The selection strategy schematized in Figure 2A is based on the ability of in vitro expressed integrase variants to recombine attPH carrying an adjusted overlap sequence (provided in trans) with an attH site (Figure 1) tethered to the integrase expression construct. Emulsification ensures that an active integrase will only recombine attH tethered to its encoding gene, thus maintaining the essential genotype–phenotype linkage. Recombined products are resolved by PCR amplification using one primer specific for the integrase cassette and another for the recombined target DNA, i.e. attPH. Starting with a library of ∼1.5 × 1010 integrase variants, five rounds of selection were carried out. In order to direct preferential recombination of attH and attPH sites, competitor wild-type recombination substrates attB (100-fold excess) and attP (40-fold excess) were added.
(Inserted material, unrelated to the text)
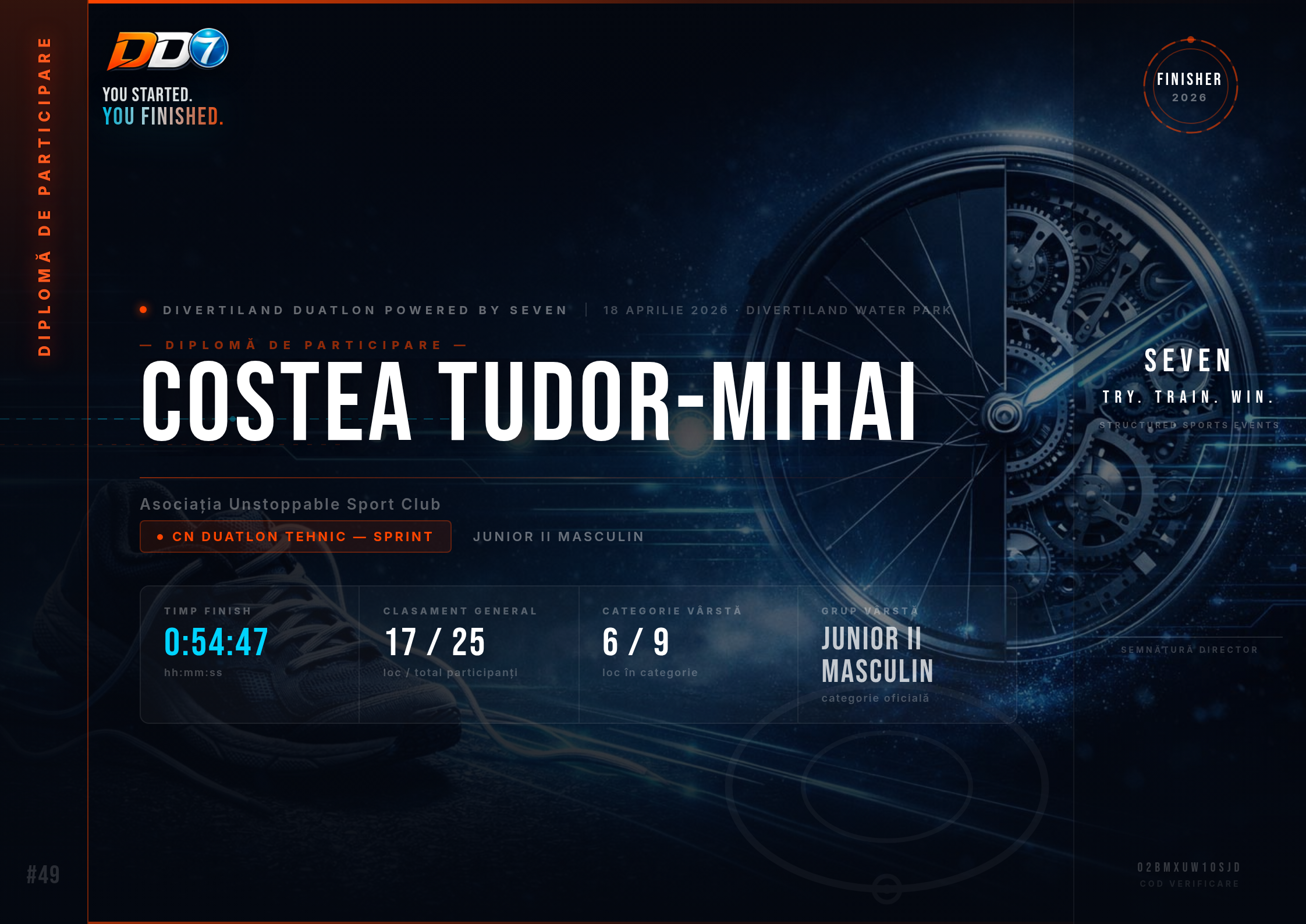 | 6 | 49 | Costea Tudor-Mihai | Junior II Masculin | CN Duatlon Tehnic - Sprint | M | 0:07:42 | 0:00:40 | 0:15:35 | 0:00:39 | 0:08:22 | 0:00:39 | 0:15:55 | 0:05:20 | 0:54:47 | 📜 |

Figure 2B depicts an example of PCR-rescue of integrase variants capable of recombining attH and attPH after the first round of selection. A nested primer pair scoring for recombination, but not amplifying the complete integrase gene (Supplementary Figure S2), produced a discrete 500-bp band indicating correct recombination by library members (lane 1). Amplification of the complete integrase gene using a different primer pair also produced the expected band (∼1.4 kb), although several other non-specific products were co-amplified (lane 2). While inclusion of attB and attP competitor substrates appears to have a marginal effect (lane 3), the end-point 30-cycle PCR reaction most likely overrepresents the true recombination level in the presence of competitors. The levels of these competitors were, however, increased by up to 11 500- and 2400-fold excess over attH and attPH, respectively, in subsequent rounds of selection. Importantly, recombination was not observed in the absence of transcription/translation (lane 4).

Figure 2.

Figure 2.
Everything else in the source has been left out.